Recovery Month: A Time For Some Tough Questions
September is National Recovery Month, a time to shine a spotlight on the strides the addiction and mental health communities have taken in the prevention, treatment and recovery-support services for addictions and mental illnesses. Now in its 25th year, the campaign’s central message that “prevention works, treatment is effective and people recover” is something we believe in and we’ve witnessed.
But perhaps we should also spend some time this month asking some tough questions. While we trust in our prevention and treatment strategies, could they be more robust? The reality is that most people — less than 11 percent — who need treatment for an illicit drug or alcohol problem receive it. Not only are more than 23 million Americans addicted to alcohol and drugs, but because so many of these people go undiagnosed and untreated, the estimated annual combined health care cost and lost productivity is some $365 billion.
The deaths of celebrities like Whitney Houston, Heath Ledger and Philip Seymour Hoffman from drug overdoses serve as stinging reminders that episodic treatment does not always equal recovery. The NIDA estimates that 40 to 60 percent of recovering addicts will backslide, meaning that relapse is not only possible, but likely. The fact that celebrities, who had access to many more resources than most Americans, relapse underscores that addiction can be a chronic disease that is extremely difficult to control without ongoing treatment and community supports.
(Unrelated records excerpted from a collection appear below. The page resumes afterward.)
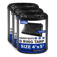 Tarpal Tarp 4X5 Feet (3Pack) Heavy Duty Tarps 14Mil D-Ring Waterproof Tarp For Outdoors Uv Protection Triangular Sewing Design Reinforced Corners And Edges(Black)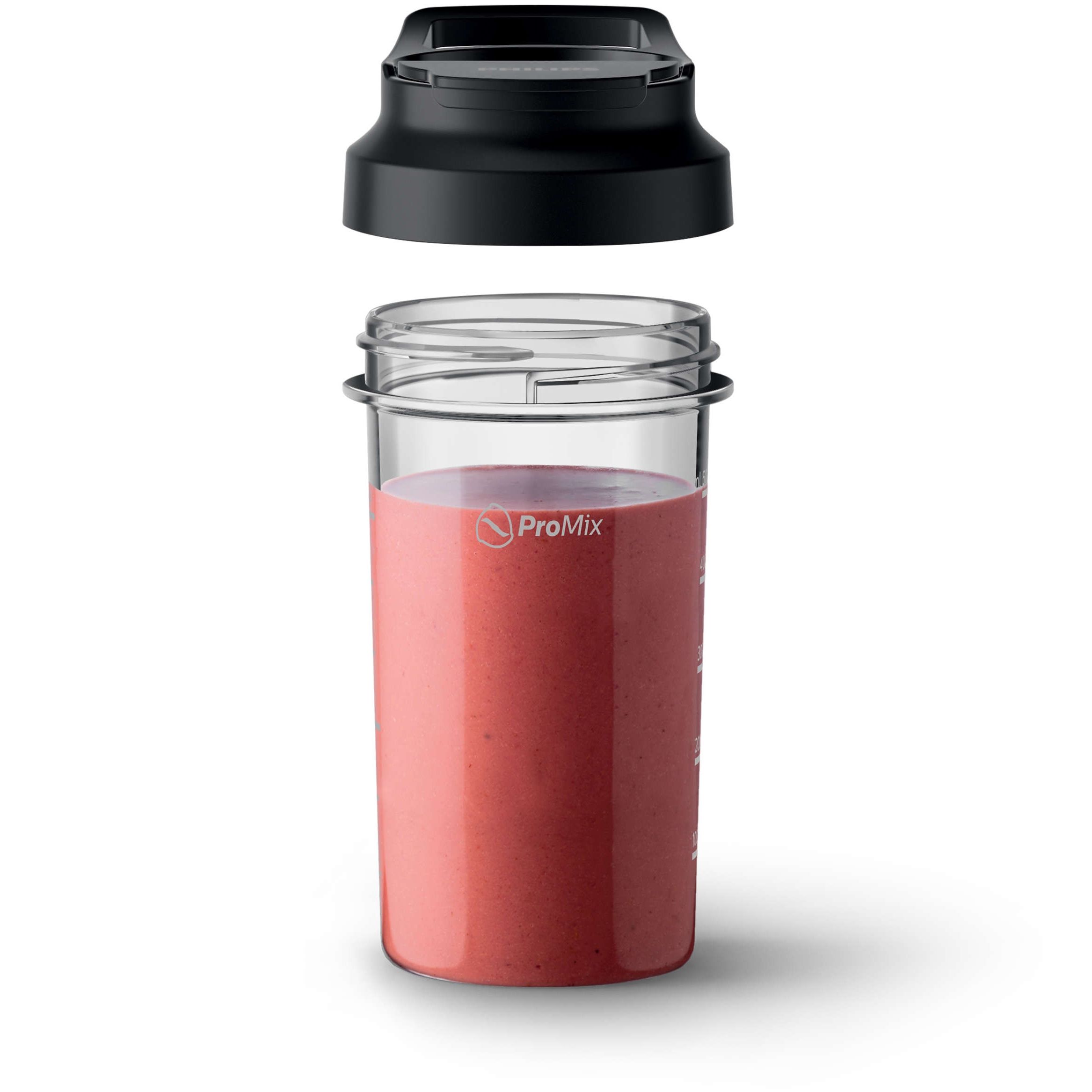 Ia cu tine smoothie-uri sănătoase în recipientul on-the-go. Pentru a-ţi face viaţa mai uşoară, amestecă smoothie-urile preferate direct în recipientul on-the-go Philips. Doar amestecă, închide şi poţi pleca. Fabricat din materiale fără BPA, blenderul include o garnitură anti-scurgeri, pentru a-l putea lua cu tine în siguranţă, fără a vărsa nimic.
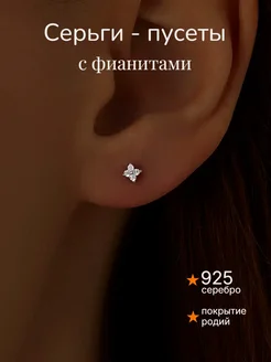 Серьги гвоздики серебро 925 пусеты серебряные с фианитами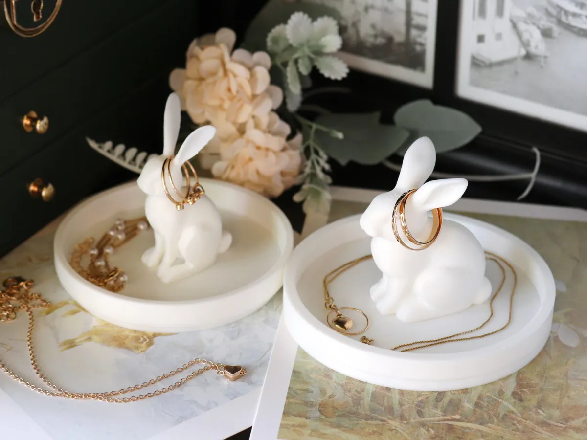 A round tray with a rabbit placed in the center is a practical accessory that also serves as a decorative element.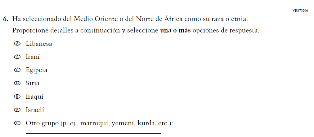 This Item was dropped and replaced with an updated Item (VR862573) that adheres to OMB updated Statistical Policy Directive No. 15.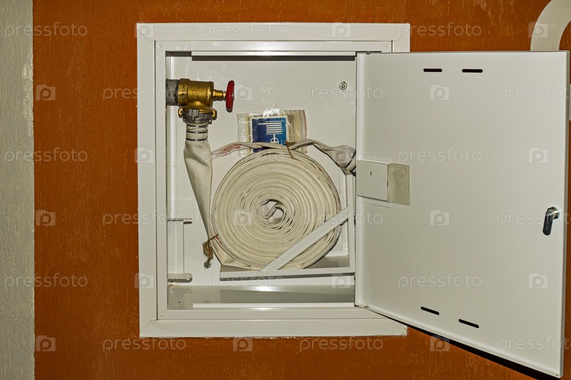 Пожарная безопасность в квартире. Пожарный шланг в коробке с водой для тушения пожара. Тула, Россия
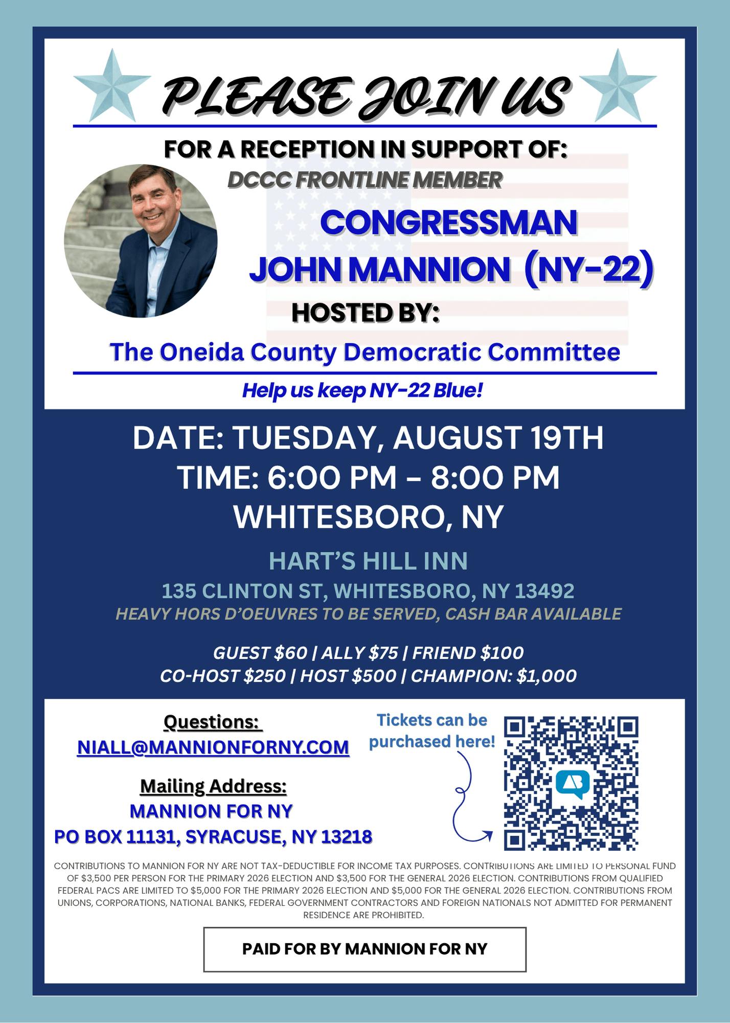 You're cordially invited to attend a reception in support of NY-22 Congressman John Mannion, hosted by us, the Oneida County Democratic Committee! Please see the event details below, and feel free to share the flyer beneath this message far and wide with friends, family, on social media, etc.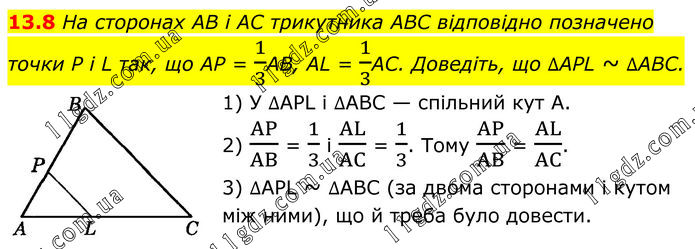 На сторонах AB і AC трикутника ABC відповідно позначено точки P і L так, що AP = 1/3AB, AL = 1/3AC. Доведіть, що ∆APL ~ ∆ABC. 1) У ∆APL і ∆ABC — спільний кут А. 2) AP/AB = 1/3 і AL/AC = 1/3. Тому AP/AB = AL/AC. 3) ∆APL ~ ∆ABC (за двома сторонами і кутом між ними), що й треба було довести.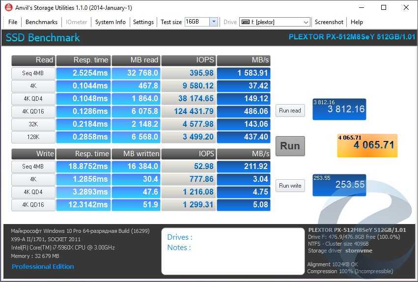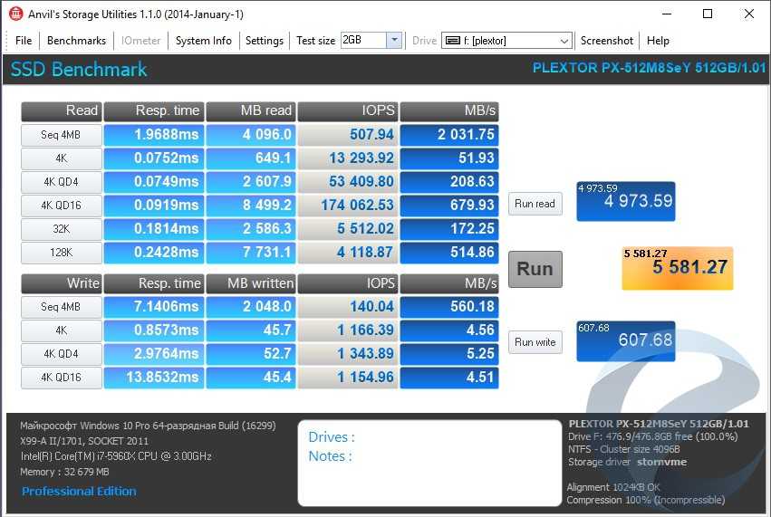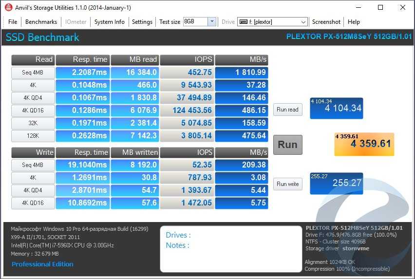 AS SSD Benchmark — небольшая программа для тестирования скорости чтения/записи SSD накопителей, а также определения времени доступа к жесткому диску.

For many people who do seek treatment, recovery can be only temporary unless they receive ongoing care. When it comes to diabetes or heart disease or cancer, we stick with people and we offer treatment that sticks. Tom McLellan, compares the addiction treatment process in this country to a washing machine. We churn people through before they’ve had a chance to heal. “There are no 30-day diabetes programs, and they certainly don’t have graduation ceremonies,” he says
Addictions have emerged as America’s biggest public health crisis. The time has come to redesign addiction services using a chronic disease model that tailors treatment to the patient’s needs and creates capacity in every community, including: single points of access to triage people into the appropriate level of care; emergency treatments; residential services; housing with restorative services; case/care management; medication assisted treatment; cognitive interventions; and family support. It will take the growing movement of people in recovery and their families, supported by all of us, to drive change.
We believe our merger with the State Associations of Addiction Services (SAAS) is a step toward the goal of delivering a full range of addiction services to every corner of our country. The merger expands our addiction expertise and strengthens our advocacy voice with the Administration, in Congress, and in states and local communities. We are stronger together, and we plan to be a resounding voice for people with addictions across the nation.